Why don’t they want history taught right? A response to a History Commentary on Education Week

Cartoon - Why Study HistorySometimes it isn’t about whether someone is right or wrong.

Sometimes you’re just in the wrong conversation altogether.

That’s the vibe I got as I read a recent article in Education Week about how history is taught.   Even though the arguments in the piece are largely plausible and totally defensible,  I got a sense that the debate was altogether needless: the blame is completely misplaced, and the wrong questions are asked.

The article, by volunteer tutor and grant writer Vicky Schippers, stands as a polemic that history shouldn’t be taught as “a litany of disconnected names, dates, and events to be memorized before an exam.”  Rather, teachers should take her example and make history connect with students.

As a tutor, she has the rarefied opportunity to work one-on-one with a student, in her case a 20-year old named Tony with a four-year-old son.  She uses Tony’s situation, his fears, and his worries as a struggling young parent looking for work to connect with American government, the development of American democracy, the need for taxes, tariffs, and especially the abortion debate, which troubled this young father.

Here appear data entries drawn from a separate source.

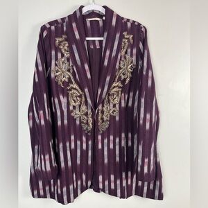 Soft Surroundings Women's Jacket Blazer Topkapi Ikat Printed Beaded Purple XL
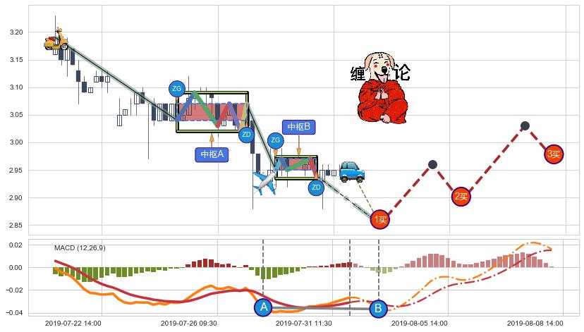 ➢ 【中枢B】:07-29:14-07-30:15,中枢由5笔构成,共8交易小时, ZG=2.970, ZD=2.950
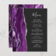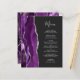 Die links Seite dieses eleganten, modernen Hochzeitsmenüs besticht durch eine lila Aquarellgrenze, die mit Imitaten aus silberem Glitzer besticht. Der anpassbare Text kombiniert silbergraue Handschrift-Skripte und Copperplate-Schriftart auf einem schwarzen Hintergrund. Auf der Rückseite ist ein lila und silberfarbenes Design erkennbar.
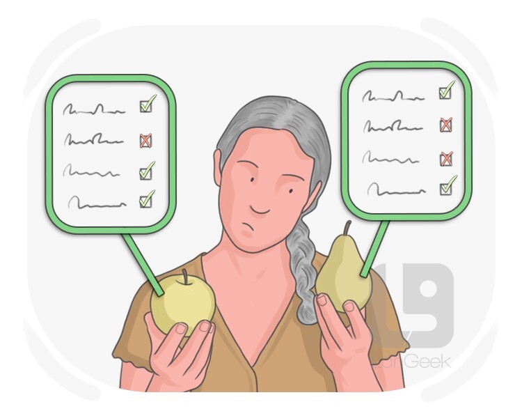 the process of examining the similarities and differences between two or more things or people

Schippers ends by stating that:

“History is not boring. More important, it is relevant to the lives of every student, but none more than our most disadvantaged. Rather than teaching it as a series of eye-glazing events, it should be presented in a way that affords students the opportunity to delve in; question; and, above all, see in history’s unfolding, how we, the people, have traveled from there to here; and how that journey is relevant to all of us.”

To regular readers of the Neighborhood, this isn’t Earth-shattering.

A slew of comments followed, mostly from history teachers sneering at Schippers’ lack of “real” classroom experience, her rosy-glassed view of history education, her complete lack of understanding of the realities of teaching in the secondary classroom.

I’ve got to be honest.  Both sides are kind of full of shit.

The slew of educators slamming this poor woman are rightfully swamped, but they shouldn’t crucify her simply for stating what all of us history guys already know—that the parade of names and dates is a better  anesthetic than chloroform.

Then again, Schippers really should’ve taken a look around.

If she really took a hard look at how history teachers, good history teachers, are plying their craft today, she would notice that nary a one bothers with textbooks, outlines of dates, events, names of old white men, etc.

We already know how history should be taught.  We’ve been trying to do it for years now, and anyone who hasn’t realized it is either past saving or a complete ignoramus.

The question to ask isn’t “How is history taught?”

The real question is “Why does the education establishment not give a shit about how history should be taught?”

History teachers, often in isolation or in small groups, have been reinventing history education for a while now.  Our classrooms are our laboratories, where lessons, units, projects and assessments are tested, re-tested, evaluated, and celebrated—often to the bewilderment of administrators perplexed at how learning how to think critically could ever get those state test scores up.

The powers that be, the education policy idiots and the talking heads in charge of education administration in this country, were never too swift on the uptake.

Programs that can really reach out and spread our skills and knowledge are first on the chopping block.  Anything related to social studies, especially history, is shoved way to the back burner   History is often forced to “integrate” into other subjects where the content and ideas are buried in reading skills and long division.

We know how the past should be taught.  Why not share the secret so that everyone can teach history the right way?

Schippers herself addressed this in a rebuttal comment on the Education Week site.  Obviously not wanting to shit on veteran teachers, she realized the limitations of the classroom and that “You all do what you must do to get your kids through their coursework. It’s up to education policy makers to make the changes that will allow you to teach history differently.”

Knowing how those policy makers think and operate, I doubt any change is coming soon.  Their conversations will never involve history in a serious way.   They see it as a means to an end—an end that can be charted and graphed.

Again, the wrong conversation is going on…and I’m skeptical about any chance of change.

So…we better teach history the best way we can, as long as we can.